I am happy with it; I have vehicles and farm through it. I had a major claim in 2010 that should have made them want to drop me (my house burned), but they didn't...of course it wasn't suspicious. The rates are reasonable for my area and my agent understands farming. One fly in the ointment that gets a lot of people is the fact that you must be a member ($61.00 here and it varies from place to place). I just chalk it up (in my head)

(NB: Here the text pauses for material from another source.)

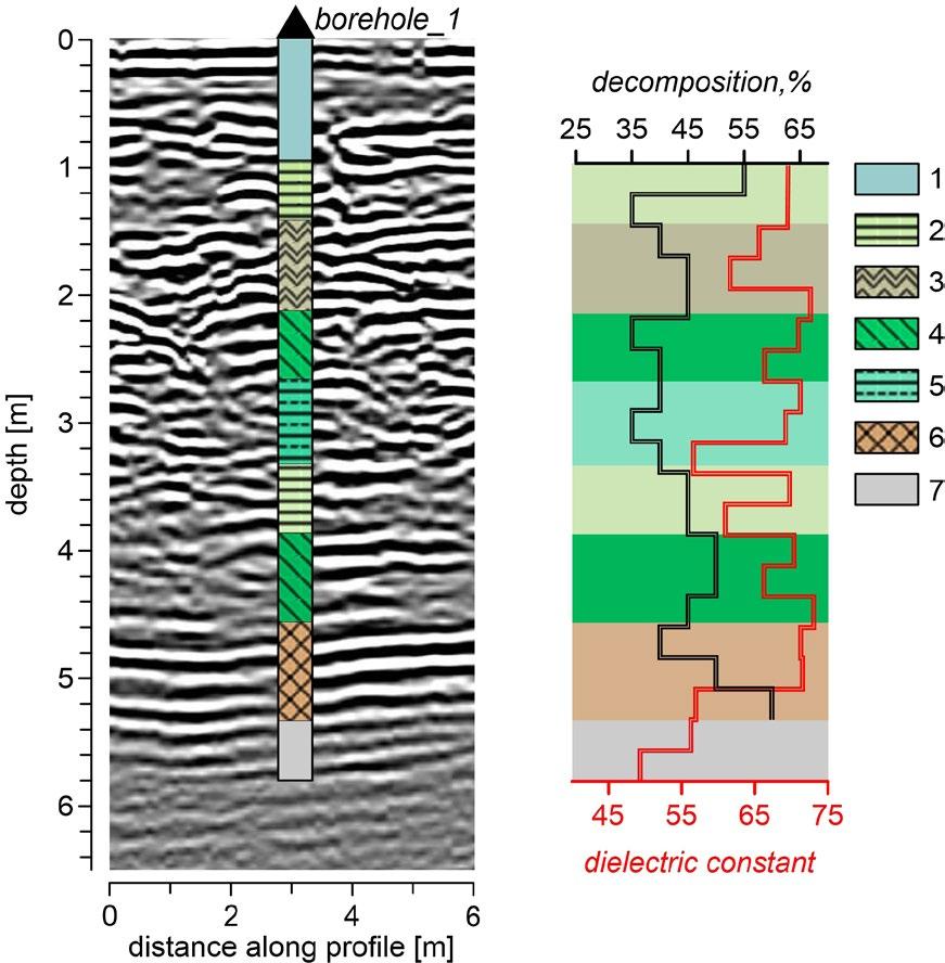 Fig. Comparison GPR and borehole data: 1 – water-saturated peat, 2 – buckbean-sedge peat, 3 – sphagnum peat, 4 – hypnum peat, 5 – sedge peat, 6 – organic gyttja, 7 – clay.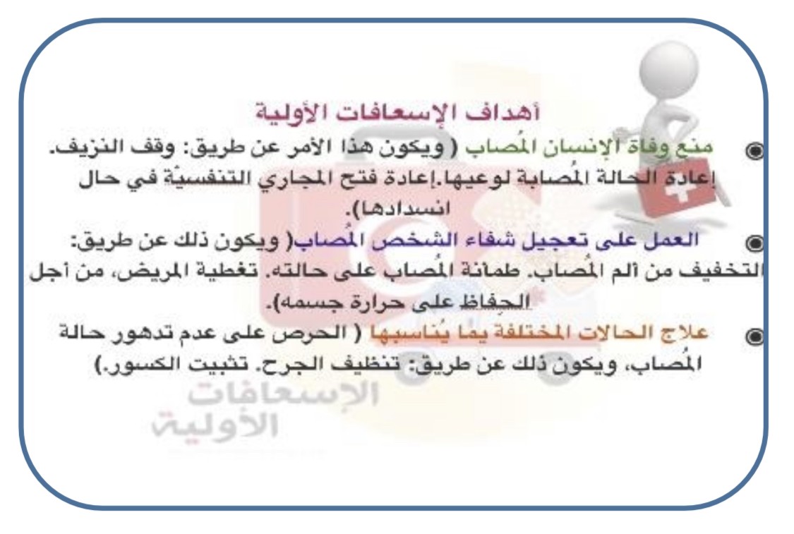 تناول البرنامج تعريف معنى الإسعافات الأولية وأنواعها من حيث الإسعاف الأولي، الإسعاف الطبي، المسعف الأولي، المسؤول عن تقديم الإسعافات الأولية، صفات المسعف، المبادئ العامة للإسعافات الأولية وممارساته، توضيح القواعد الأساسية في الإسعاف الأولي، ومن ثم تم استعراض بعض الإصابات وطرق إسعافها، وشرح الحقيبة الإسعافية ومكوناتها وأهميتها، وتصحيح بعض العادات الإسعافية الخاطئة، التعرف على أهم الإصابات وطرق إسعافها، وعرض مقاطع فيديوهات توعوية عن أهمية الإسعافات الأولية .

as being part of the premium.

With them (as I assume all insurance policies are), I have a HUGE savings by having a rather high deductible (either 5 or 10k...I don't remember) that they called "catastrophic" insurance. They know I ain't gonna have a claim every time I get a scratch on a tractor. They're just there to keep me out of a huge bind...the small binds get paid in cash.

Mark


----------



## Swv.farmer (Jan 2, 2016)

I have it in Ky on home and auto it's as good as it gets.
In VA I have state farm it awesome more coverage less premium.
My barn fell three winters ago they came looked put a check in the mail for seventy five thousand and my premium didn't go up at all.


----------



## TJ Hendren (May 12, 2017)

We are very well pleased with Farm Bureau. Everything we have is covered by them. When we bought the place and had them insure it the agent came out for a survey after I built the machine shed a year later and looked at the roof of house and said this roof is wind damaged and needs replaced and they did. We are still with them 14 years later. They truly cater to farmers.


----------



## FCF (Apr 23, 2010)

We have farm and vehicle insurance with them. As others have stated it varies from state to state, back in MD they didn't offer insurance but you were suppose to get a "discount" from Nationwide if you were a Farm Bureau member. There we had Nationwide auto but had farm-owners insurance through a local company. As glasswrongsize said membership dues vary; $25 here $65 when we left MD.


----------



## LaneFarms (Apr 10, 2010)

I have all my insurance with them. Home, auto, liability, and equipment. Farm bureau is about the only company to insure large acreage in Florida. Their equipment rates are reasonable compared to other companies.


----------



## Lewis Ranch (Jul 15, 2013)

Another one here with Texas Farm Bureo for everything, they've been good to me with 2 losses. One stolen piece and one totaled piece. Very good rates with great coverage, just be sure and find a good agent it took me a few agents to find one that knew what he was actually doing.


----------



## ozarkian (Dec 11, 2010)

I have it here in Missouri for farm and home. No problems so far.


----------



## somedevildawg (Jun 20, 2011)

The only problem I've seen with FB is they can be heavily leveraged in rural areas.....when a tornado or hail storm strikes, and it most likely will down here, the amount of claims they have can be quite large and they will start penny pinching....other than that, I've only heard good things about FB....I don't have them however as they wont write a policy unless they write your homeowners, I'm not a buyer....I like USAA


----------



## FarmerCline (Oct 12, 2011)

I looked into getting FB liability insurance for a farm vechile (I don't carry collision) since it was going to be cheaper with them but like dawg said they don't want to write a policy unless you have your home with them. No interest in switching our homeowners insurance so I didn't go with FB.


----------



## Lewis Ranch (Jul 15, 2013)

It's strange y'all can't get written insurance on equipment without homeowners. I carry full coverage on everything I own worth over 10k (tractors trailers equipment) and had it all insured long before I bought a farm with a house.


----------